Utrata opłaconego połączenia lotniczego, mandat karny oraz dalsze konsekwencje są efektem nieodpowiedzialnego zachowania Polki, która stawiła się do odprawy granicznej na katowickim lotnisku.
30 grudnia 2020 r. mieszkanka województwa lubuskiego stawiła się do odprawy granicznej samolotu czarterowego, lecącego do Hurghady (Egipt). Kobieta zamierzała udać się do partnera oraz swoich dzieci. W trakcie czynności służbowych, związanych z odprawą graniczną, funkcjonariusze Placówki Straży Granicznej w Katowicach-Pyrzowicach ujawnili, że w związku z pozytywnym wynikiem na obecność koronawirusa, Sanepid na kobietę nałożył obowiązek izolacji w terminie od 24.12.2020 r. do 02.01.2021 roku. Kobieta, będąc osobą potencjalnie zarażoną, przybyła w rejon o nasilonym przemieszczaniu się osób, jakim jest port lotniczy oraz chciała podróżować samolotem.

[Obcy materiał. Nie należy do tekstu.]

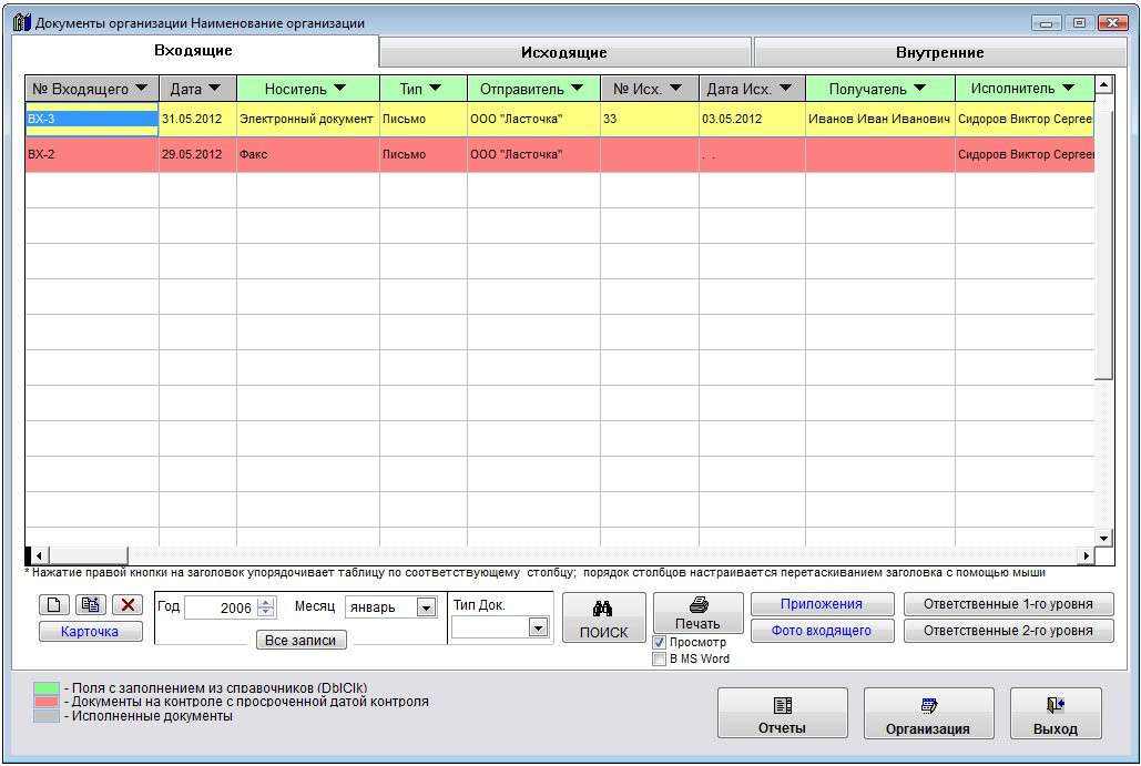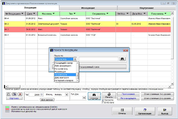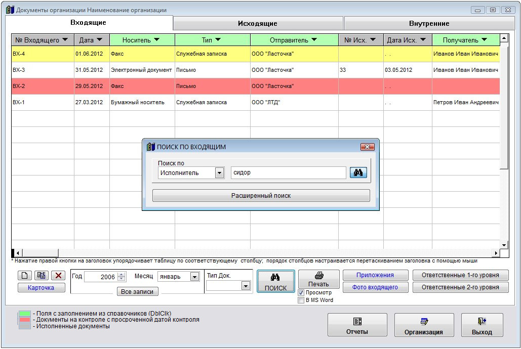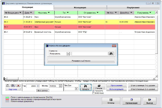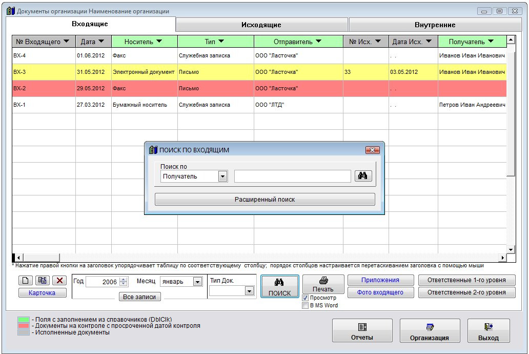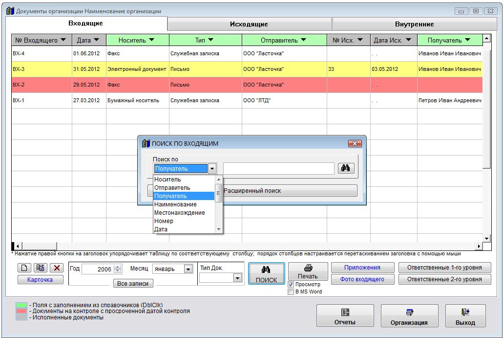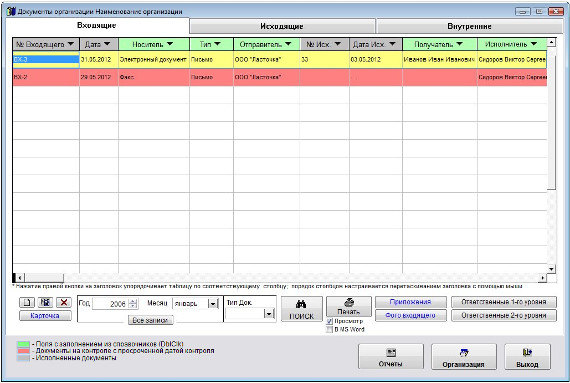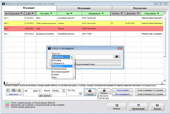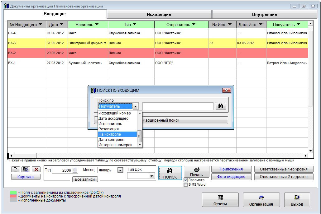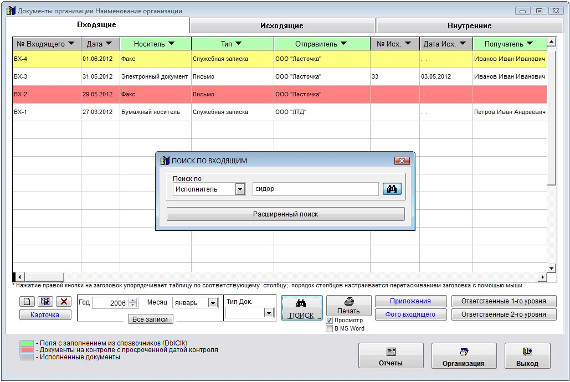 Аналогичным образом можно производить поиск в журналах входящих, исходящих и внутренних документов.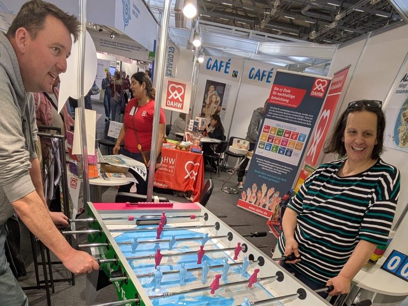 Auch die spielerischen Angebote auf der Messe haben wichtige Themen sichtbar gemacht. Beim „unfairen Kicker“ zeigte sich, wie sehr unterschiedliche Ressourcen den Ausgang beeinflussen können. Obwohl spielerisches Können vorhanden war, entschieden letztlich die ungleichen Ausgangsbedingungen über den Sieg – ein kleines Spiel, das sehr anschaulich zeigt, wie soziale Ungleichheit Chancen beeinflussen kann.

Swoim zachowaniem sprowadziła niebezpieczeństwo dla życia lub zdrowia wielu osób powodując zagrożenie epidemiologiczne, lub szerzenie się choroby zakaźnej, czym wyczerpała znamiona czynu z art. 165 § 1 ust. 1 kodeksu karnego. W celu niedopuszczenia do ewentualnego zarażania chorobą: pasażerów, załogi samolotu oraz obsługi portu lotniczego, Polka została zatrzymana przez funkcjonariuszy Straży Granicznej.
W związku ze złamaniem zasad zawartych w przepisach o zapobieganiu chorób zakaźnych opuszczając miejsce przebywania na izolacji, kobietę ukarano mandatem karnym w wysokości 500 złotych na podstawie art. 116 §1a kodeksu wykroczeń. Ponadto Funkcjonariusze Straży Granicznej, o tym fakcie poinformowali Państwową Inspekcję Sanitarną.
O dalszym losie kobiety zadecyduje Prokuratura Rejonowa w Tarnowskich Górach.